What is Spark DataFrame

Inspired by R data.frame and Python/Pandas DataFrame
Distributed collection of rows organized into named columns
Used to be SchemaRDD in Spark < 1.3.0

High-Level DataFrame Operations

Selecting required columns
Filtering
Joining different data sets
Aggregation (count, sum, average, etc)

You can start from Spark DataFrame guide or DataBricks blog post.

Ad impressions and segments in DataFrames

We store all out data on HDFS using Parquet data format, and that’s how it looks after it’s loaded into Spark DataFrame.

val adImpressions: DataFrame = sqlContext.parquetFile("/aa/audience")

adImpressions.printSchema()
// root
//   | -- ad: string (nullable = true)
//   | -- site: string (nullable = true)
//   | -- hll: binary (nullable = true)
//   | -- impressions: long (nullable = true)
//   | -- clicks: long (nullable = true)

val segmentImpressions: DataFrame = sqlContext.parquetFile("/aa/segments")

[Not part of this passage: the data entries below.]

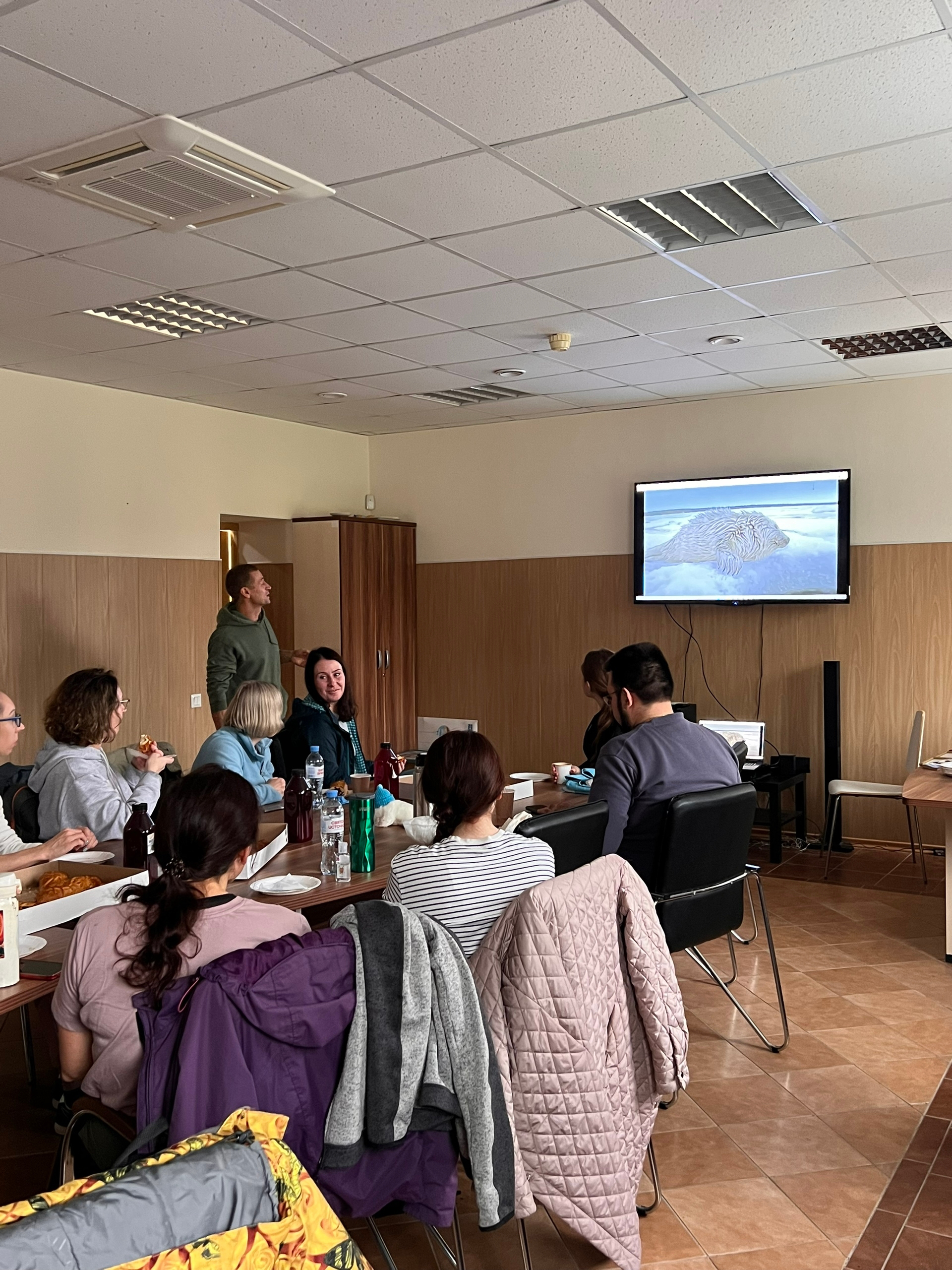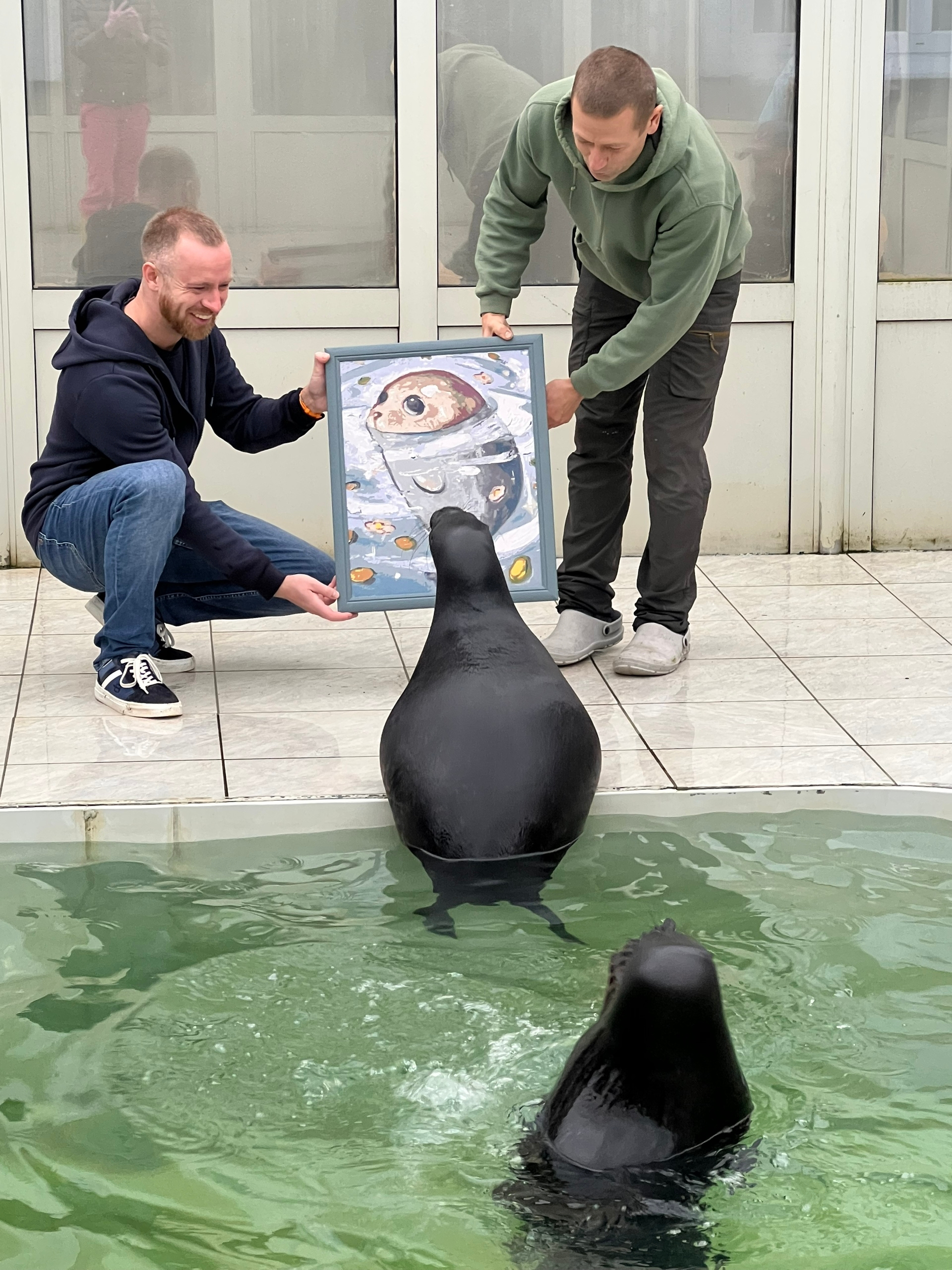 Художница Ольга из Москвы передала в Центр изучения и сохранения морских млекопитающих картину, которую с интересом осмотрели Крошик и Шлиссик. Субботник завершился просмотром фильма «Краткое пособие по воспитанию тюленей», рассказывающего о работе уникального «Детского сада» для Нерп.
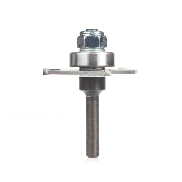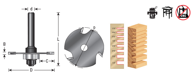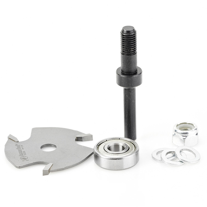 Groove edges for T-moldings, splines or biscuits, and other purposes. Rout tongue-and-groove joinery. Slotting cutters are available with either 2-wing or 3-wing cutters. Each assembly includes a cutter, bearing for a 1/2" deep cut, and either a 1/4", 3/8", or 1/2" shank arbor. Use in a handheld or table-mounted router. All assemblies include cutter, arbor and ball bearing.
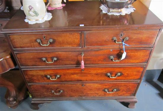 A GEORGIAN MAHOGANY CHEST OF DRAWERS, WITH TWO OVER THREE DRAWERS, BRACKET FEET, KEY, 96 X 108 X 52
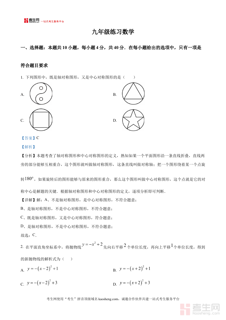该资料具有多方面的实用价值,可作为九年级学生进行学情诊断的工具,帮助学生快速识别自身在数学学习中的薄弱环节;同时也能为教师提供阶段教学效果评估的重要依据,辅助教师调整后续的教学策略与复习计划;此外,对于家长而言,它也能成为了解孩子数学学习状况的有效途径,从而更好地配合学校和孩子开展针对性的提升工作。
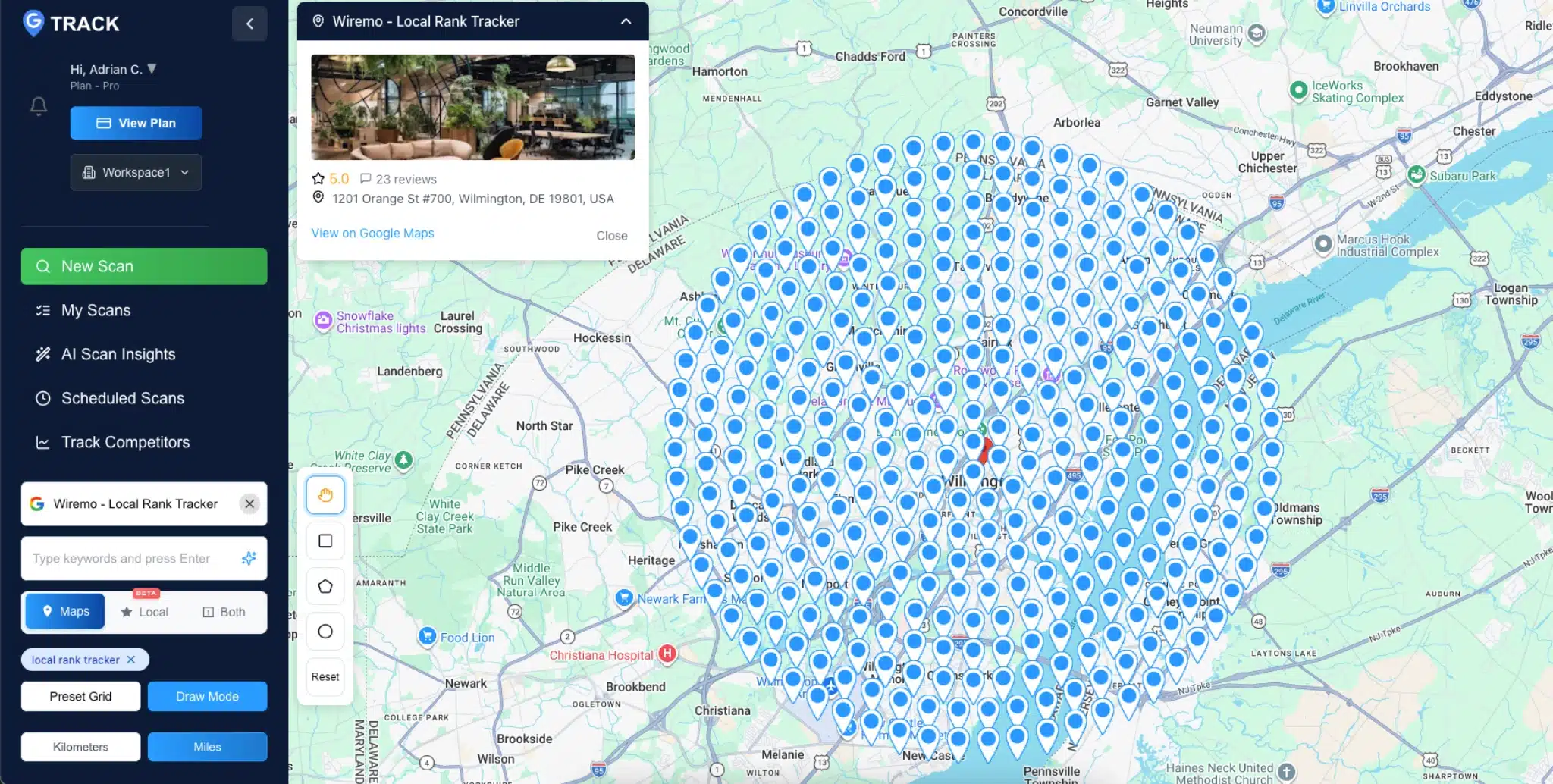 A local rank tracker shows you this geographic variation through what's called a geo-grid, a grid of ranking data points across your target area. Without this visibility, your local SEO strategy is based on guesswork.
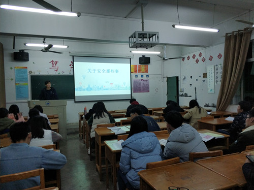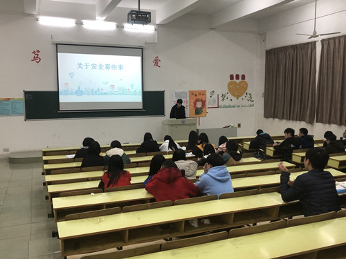 A1714班在本班固定教室思贤楼508以列举案例的方式举行了“安全伴我行”的主题班会。班长苏嵘从网络、校园、消防三个方面讲解了大学生应如何培养安全观,并结合具体的案例生动形象地强调安全的重要性,同时结合自身以及同学的生活提出意见与建议,首先是在校期间的自身的人身财产安全,学校生活中总存在着这样那样的安全隐患,时时刻刻注意是最重要的。为了更好的让同学们理解此次班会的意义,其中有很多案例都在诠释着安全的重要性。
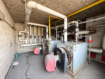 Complesso non in produzione attualmente, con impianti per produzione e terziario indipendenti, allacci utenze e cabine presenti, centrale termica, colonne e anello antincendio, area esterna di manovra con fondo asfaltato.
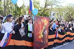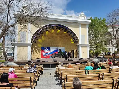 O governo russo usa o símbolo "Z" como uma ferramenta de propaganda pró-guerra; civis russos o mostram como um sinal de apoio à invasão.[77]
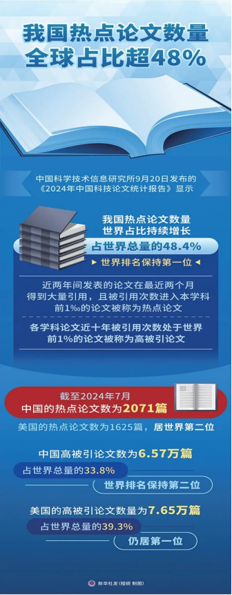 中國科學(xué)技術(shù)信息研究所2024年9月20日發(fā)布的《2024年中國科技論文統(tǒng)計(jì)報(bào)告》顯示,截至2024年7月,我國熱點(diǎn)論文數(shù)量世界占比持續(xù)增長,占世界總量的48.4%,世界排名保持第一位;高被引論文數(shù)量保持世界第二位。新華社發(fā)程碩/制圖

segmentImpressions.printSchema()
// root
//   | -- segment: string (nullable = true)
//   | -- hll: binary (nullable = true)
//   | -- impressions: long (nullable = true)
//   | -- clicks: long (nullable = true)

HyperLogLog is essentially huge Array[Byte] with some clever hashing and math, so it’s straightforward to store it on HDFS in serialized form.

Working with Spark DataFrame

We want to know answer for the same question: “Percent of college and high school education in BMW campaign”.

import org.apache.spark.sql.functions._
import org.apache.spark.sql.HLLFunctions._

val bmwCookies: HyperLogLog = adImpressions
    .filter(col("ad") === "bmw_X5")
    .select(mergeHll(col("hll")).first() // -- sum(clicks)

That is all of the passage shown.